Medical Device Daily Washington Editor

The artificial pancreas may never arrive, especially if stem cells and gene therapy ever make serious inroads on modern healthcare, but a number of parties are pressing forward with effort to put a device into play that will do a reasonable job all the same.

Earlier this week, FDA, the National Institutes of Health and the Juvenile Diabetes Research Foundation (JDRF; New York) hosted a symposium titled "Toward an Artificial Pancreas" that highlighted the progress to date and described the considerable terrain yet to be covered.

One of the recurrent ideas heard during the two-day gathering was that of a fast-track approach at FDA toward passing a premarket approval application for an artificial pancreas. But fast-track authority has boomeranged on the agency several times over the past decade, including a fast-track approach to anti-carcinogenic drugs.

Whether the agency is willing to risk more blistering attacks from Capitol Hill and the nation's major media outlets and bloggers remains to be seen, but any reticence on FDA's part to fast-track an artificial pancreas would surprise few.
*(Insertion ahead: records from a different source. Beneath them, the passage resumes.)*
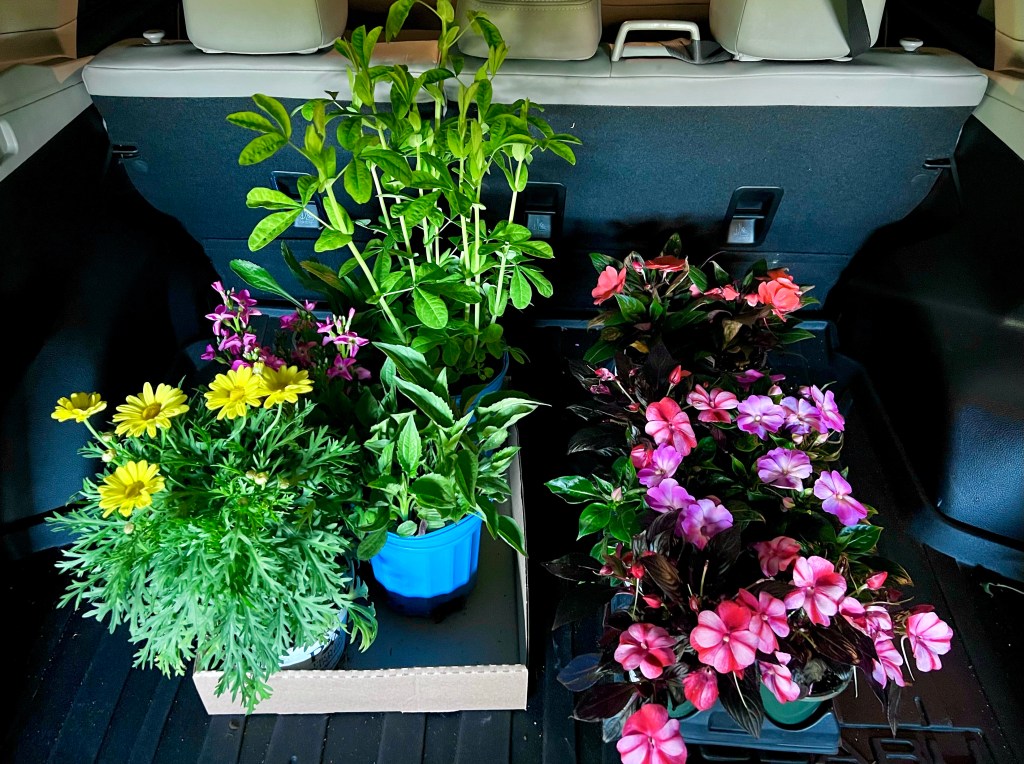 And it was back to the greenhouse for another trunkful. One can never have too many flowers.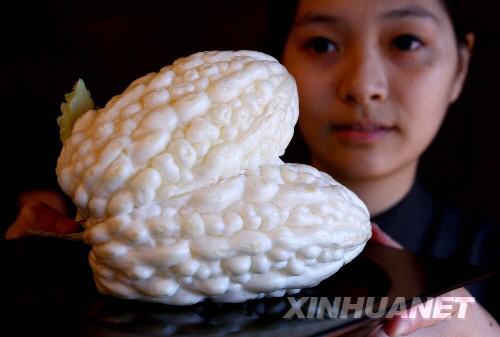 用苹果苦瓜为原料制作的类似清代藏品白玉锦荔枝的菜肴——“白玉锦荔枝”
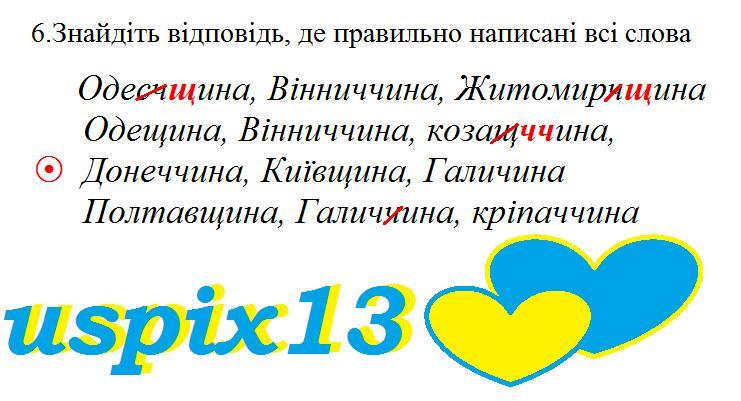 6.Знайдіть відповідь, де правильно написані всі слова Одесчина, Вінниччина, Житомирчина Одещина, Вінниччина, козащина, Донеччина, Київщина, Галичина Полтавщина, Галиччина, кріпаччина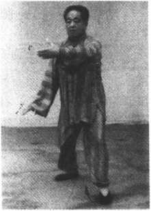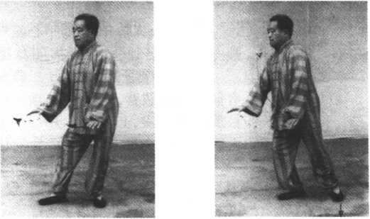 动作6:重心移到右腿,左腿变虚, 双手随身移动。图6。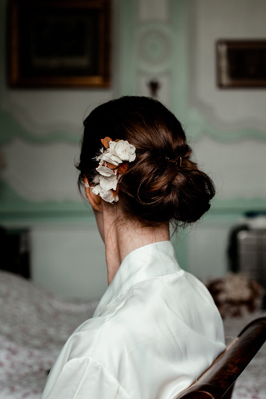 Pensez également à une couronne de tête ou une barrette pour un mariage tout en harmonie. Pour les hommes, optez pour une boutonnière en fleurs séchées assortie, confectionnée à la main avec la même exigence de qualité.

In kicking off the symposium's first day, William Tamborlane, MD, deputy director of the Yale Center for Clinical Investigations (New Haven, Connecticut), reminded the audience: "The whole idea of a closed-loop system was proposed back in the 1970s." He said the Biostator, an oven-sized glucose monitoring system designed to perform as a "glucose clamping system," was a serious systematic effort, but that it was ungainly and of very limited utility.

Tamborlane made reference to a paper he co-authored in 1979 that addressed the use of a portable infusion pump in juvenile diabetic patients, which showed that small, pre-meal doses of insulin could bring down the post-meal (post-priandal) gyrations in blood glucose by substantial margins.

The abstract from that article, which appeared in the March 15, 1979, issue of the New England Journal of Medicine, noted – perhaps more presciently than Tamborlane and his co-authors might have appreciated at the time – that "the feasibility and value of the long-term application of this technique need exploration."

Aaron Kowalski, PhD, research director at JDRF, discussed the current state of affairs in the push toward an artificial pancreas, opening by stating that "the first generation of the artificial pancreas is pushing in some of the insulin some of the time." He said that while this is a sign of progress, "what's not debatable is that there are some important steps needed to realize" the potential of such technologies.

Even though the "big goal is to walk away from an artificial pancreases and cure diabetes," Kowalski said, researchers have to make progress quickly. He said the automated closed loop "needs to happen soon," listing algorithms in need of refinement as one of the big jobs. However, he also made the case that FDA needs to put more effort into clearing a device, and sponsors need to put more effort into making these devices.

He said Type 1 diabetes "is beyond just insulin, but there are opportunities to get beyond just insulin regulation. "If we could incorporate closed-loop control" into other cellular approaches to a cure, "closed loop control could give us a better chance of succeeding at that."

Stuart Weinzimer, MD, associate professor of endocrinology at Yale University School of Medicine (New Haven), discussed studies of closed-loop systems in children.

"One of the mantras of pediatrics is that children are not small adults," he said, noting that children and adolescents "are at greater risk of complications of hyperglycemia and hypoglycemia." There is "also a higher psychosocial burden of care" in connection with pediatric diabetes.

Weinzimer said the algorithm he chose for several of the studies he presented was a proportional integral derivative (PID) controller, which "has been around for a long time."

A Medtronic (Minneapolis) PID study at the UCLA Medical Center, the first fully closed-loop study in humans, suggested that glucose control was fairly good with the PID, he said, but a rebound after breakfast was sharp enough to require a dietary adjustment. "Some of this rebound is due to persistent elevations in insulin levels," he said, which in turn is attributed to slower absorption of serum insulin.

Weinzimer presented the results of a Yale pediatric study that tracked 17 subjects in two different study arms for 36 hours to assess a closed-loop system versus one that allowed patient intervention, termed a hybrid glucose loop system. They were all on sensors that transmitted to the hospital every 30 to 60 minutes.

"Half [eight] of our subjects received a priming dose of insulin five to 15 minutes before the meal," he said, but "not enough for the meal, just enough to get some insulin on board."

The study used the MiniMed insulin pump made by Medtronic.

While nighttime control of glucose was almost identical in both groups, glucose levels in the hybrid patients were an average of 149 milligrams per deciliter (mg/dl), a sharp drop from the 159 seen in the controls. A greater absolute difference was seen in post-priandal glucose levels, 194 mg/dl for the study subjects and 226 for the controls. The admittedly small test gives researchers confidence that minor tweaks in the delivery of insulin might make significant differences in the day-to-day life of the Type 1 diabetic.

"We believe the better performance of the hybrid was due to getting the insulin in faster" in the pre-meal doses, Weinzimer said.